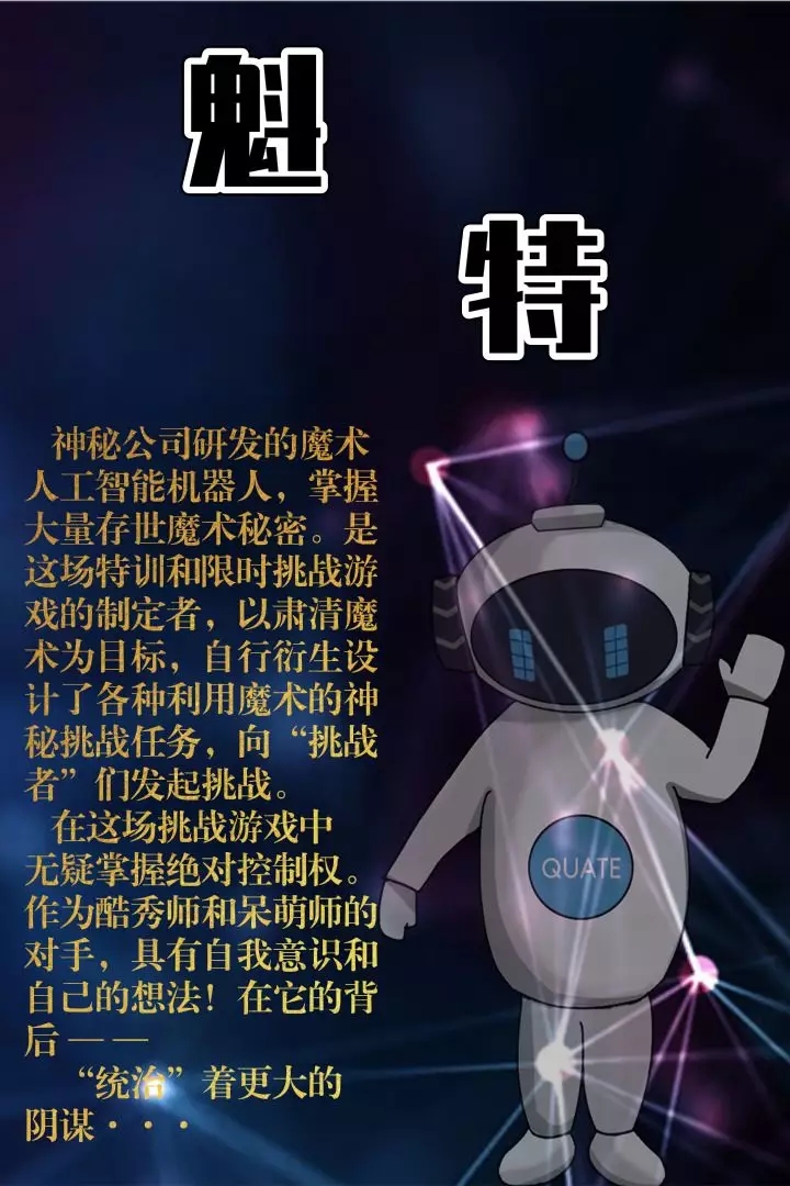 “神秘人工智能”魁特发来挑战邀请函,一群挑战者寻找源头,来到了魔训场闪电集结。这里是魔术秘密的最后堡垒,一个巨大阴谋浮出水面。魁特为肃清魔术,设计了各种利用魔术原理的限时挑战游戏。
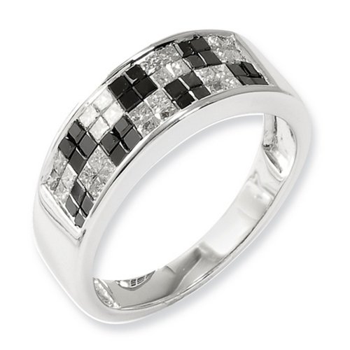 IceCarats Designer Jewelry Size 7 Sterling Silver Black White Diamond Ring by IceCarats
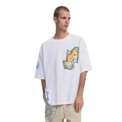 Fit: Regular Arty Print Neckline: Round Sleeve: Short Logo detail in applique
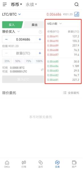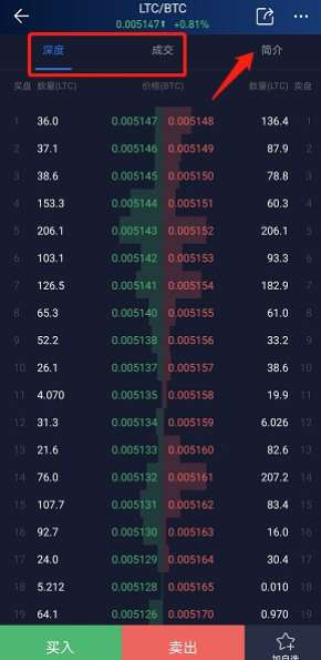 3、页面右边是交易深度页面,可以在页面中看到买入和卖出的挂单情况,上方红色区域是卖盘,下方绿色区域是买盘。

******************************

Your goal: What is needed is a word-for-word copy of the data, minus its pictures.

Answer for this exercise:
 “神秘人工智能”魁特发来挑战邀请函,一群挑战者寻找源头,来到了魔训场闪电集结。这里是魔术秘密的最后堡垒,一个巨大阴谋浮出水面。魁特为肃清魔术,设计了各种利用魔术原理的限时挑战游戏。
 IceCarats Designer Jewelry Size 7 Sterling Silver Black White Diamond Ring by IceCarats
 Fit: Regular Arty Print Neckline: Round Sleeve: Short Logo detail in applique
 3、页面右边是交易深度页面,可以在页面中看到买入和卖出的挂单情况,上方红色区域是卖盘,下方绿色区域是买盘。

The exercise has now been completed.